PROBLEM REQUIREMENTS: Pictures stay out of the output. Return exactly the lines below from the one with "Pastel de queso" down to the one with "Bez wątpienia najbardziej", both included, and nothing more.

INPUT DATA:
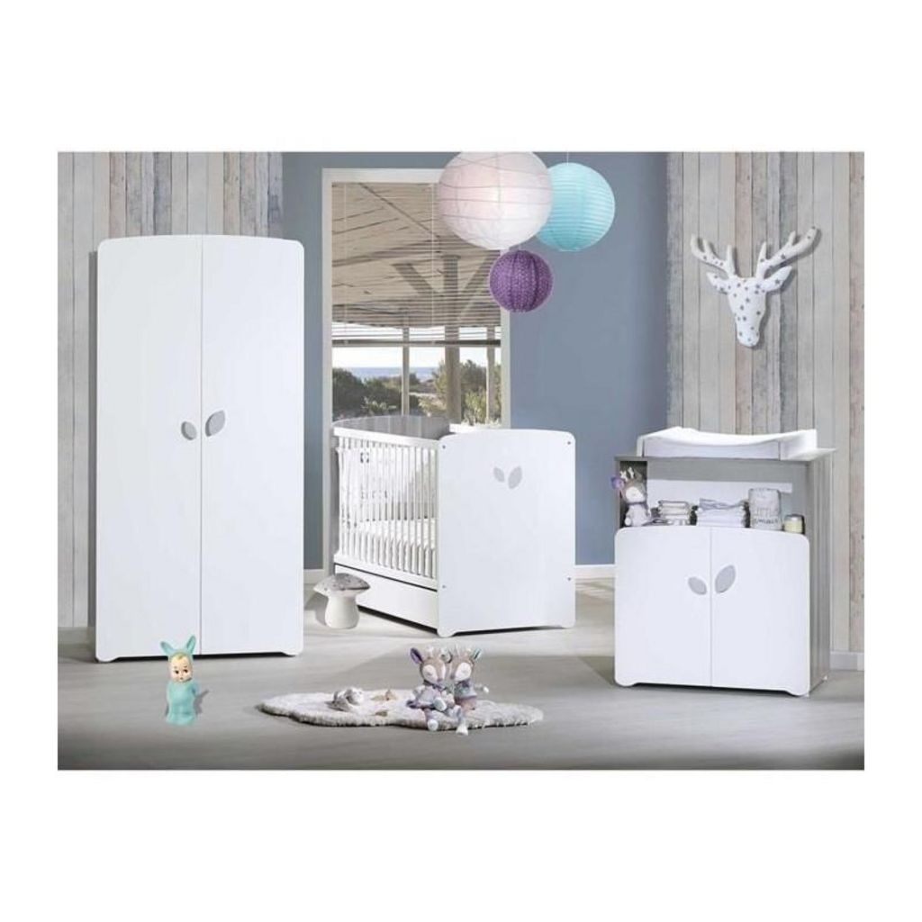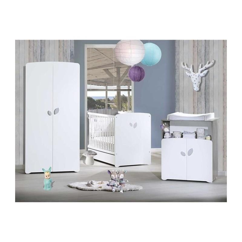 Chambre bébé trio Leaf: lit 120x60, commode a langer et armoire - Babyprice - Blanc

--

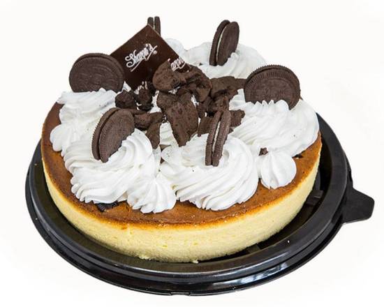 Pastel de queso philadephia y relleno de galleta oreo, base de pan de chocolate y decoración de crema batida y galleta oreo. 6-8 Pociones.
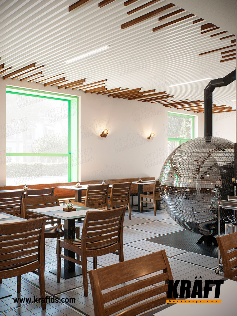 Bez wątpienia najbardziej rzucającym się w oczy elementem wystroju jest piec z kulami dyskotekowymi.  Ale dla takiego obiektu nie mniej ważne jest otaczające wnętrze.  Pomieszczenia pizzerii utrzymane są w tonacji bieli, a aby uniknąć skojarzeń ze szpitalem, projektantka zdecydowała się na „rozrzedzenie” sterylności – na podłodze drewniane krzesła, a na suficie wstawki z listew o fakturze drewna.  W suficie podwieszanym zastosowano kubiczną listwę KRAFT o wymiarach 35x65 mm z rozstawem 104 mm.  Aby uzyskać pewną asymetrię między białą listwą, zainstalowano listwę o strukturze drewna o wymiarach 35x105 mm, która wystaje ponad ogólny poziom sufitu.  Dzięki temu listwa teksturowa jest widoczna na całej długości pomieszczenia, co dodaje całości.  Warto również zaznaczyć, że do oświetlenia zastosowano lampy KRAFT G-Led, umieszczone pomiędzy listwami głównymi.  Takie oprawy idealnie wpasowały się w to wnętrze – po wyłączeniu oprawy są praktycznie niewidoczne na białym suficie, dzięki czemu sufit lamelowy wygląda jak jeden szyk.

REPLY TO THE TASK:
 Pastel de queso philadephia y relleno de galleta oreo, base de pan de chocolate y decoración de crema batida y galleta oreo. 6-8 Pociones.
 Bez wątpienia najbardziej rzucającym się w oczy elementem wystroju jest piec z kulami dyskotekowymi.  Ale dla takiego obiektu nie mniej ważne jest otaczające wnętrze.  Pomieszczenia pizzerii utrzymane są w tonacji bieli, a aby uniknąć skojarzeń ze szpitalem, projektantka zdecydowała się na „rozrzedzenie” sterylności – na podłodze drewniane krzesła, a na suficie wstawki z listew o fakturze drewna.  W suficie podwieszanym zastosowano kubiczną listwę KRAFT o wymiarach 35x65 mm z rozstawem 104 mm.  Aby uzyskać pewną asymetrię między białą listwą, zainstalowano listwę o strukturze drewna o wymiarach 35x105 mm, która wystaje ponad ogólny poziom sufitu.  Dzięki temu listwa teksturowa jest widoczna na całej długości pomieszczenia, co dodaje całości.  Warto również zaznaczyć, że do oświetlenia zastosowano lampy KRAFT G-Led, umieszczone pomiędzy listwami głównymi.  Takie oprawy idealnie wpasowały się w to wnętrze – po wyłączeniu oprawy są praktycznie niewidoczne na białym suficie, dzięki czemu sufit lamelowy wygląda jak jeden szyk.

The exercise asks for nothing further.